Activity
With the pictures left out, write out exactly the lines of the listing below that run from the line with "mit Pürieraufsatz - 27 cm & 21 cm" through the line with "Grafikon 3. Učinak mjera sanacije".

Listed entries
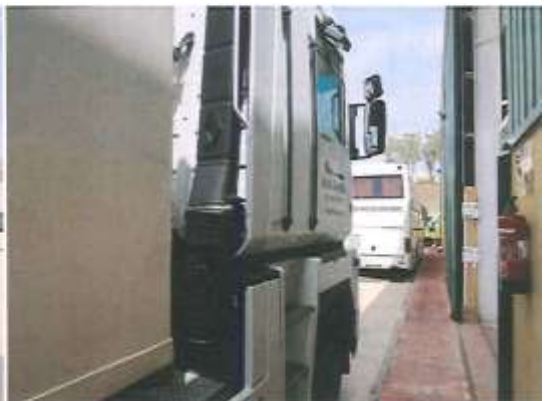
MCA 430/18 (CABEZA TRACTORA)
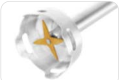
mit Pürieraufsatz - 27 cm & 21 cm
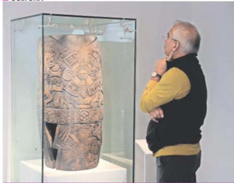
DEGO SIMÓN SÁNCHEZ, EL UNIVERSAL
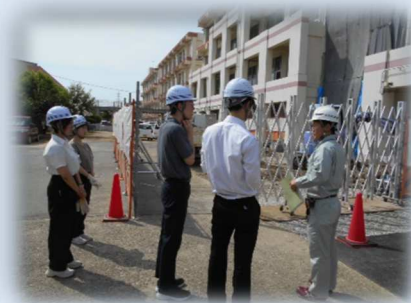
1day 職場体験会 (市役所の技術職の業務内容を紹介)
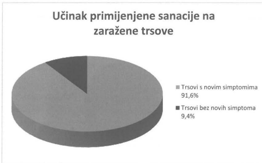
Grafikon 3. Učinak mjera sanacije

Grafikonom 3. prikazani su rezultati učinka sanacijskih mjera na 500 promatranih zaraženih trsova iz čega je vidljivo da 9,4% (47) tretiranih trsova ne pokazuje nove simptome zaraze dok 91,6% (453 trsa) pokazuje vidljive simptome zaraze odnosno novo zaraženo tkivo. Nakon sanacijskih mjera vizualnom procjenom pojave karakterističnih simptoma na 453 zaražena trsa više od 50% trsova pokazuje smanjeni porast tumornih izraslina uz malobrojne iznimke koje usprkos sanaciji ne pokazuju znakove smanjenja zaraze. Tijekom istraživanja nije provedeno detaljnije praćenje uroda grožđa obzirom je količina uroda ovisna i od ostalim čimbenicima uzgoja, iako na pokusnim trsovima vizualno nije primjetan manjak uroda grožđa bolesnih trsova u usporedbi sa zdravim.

* * *

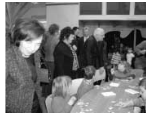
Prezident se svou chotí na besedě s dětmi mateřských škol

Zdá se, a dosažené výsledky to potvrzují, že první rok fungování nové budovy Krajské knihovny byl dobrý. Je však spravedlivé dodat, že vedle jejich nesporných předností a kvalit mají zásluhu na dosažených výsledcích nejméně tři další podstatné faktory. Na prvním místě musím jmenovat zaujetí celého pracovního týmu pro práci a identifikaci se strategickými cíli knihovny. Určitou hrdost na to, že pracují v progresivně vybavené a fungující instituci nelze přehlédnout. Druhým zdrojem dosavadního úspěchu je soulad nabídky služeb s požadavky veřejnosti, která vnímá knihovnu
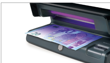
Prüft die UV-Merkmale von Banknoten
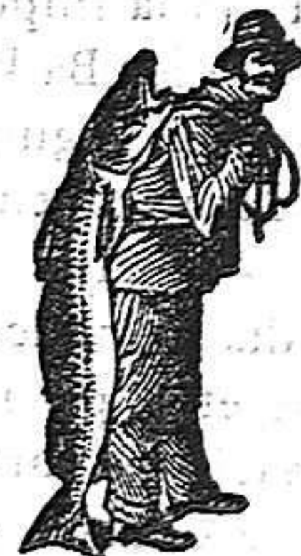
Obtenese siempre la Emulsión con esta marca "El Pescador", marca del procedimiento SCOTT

Finished exercise
mit Pürieraufsatz - 27 cm & 21 cm
DEGO SIMÓN SÁNCHEZ, EL UNIVERSAL
1day 職場体験会 (市役所の技術職の業務内容を紹介)
Grafikon 3. Učinak mjera sanacije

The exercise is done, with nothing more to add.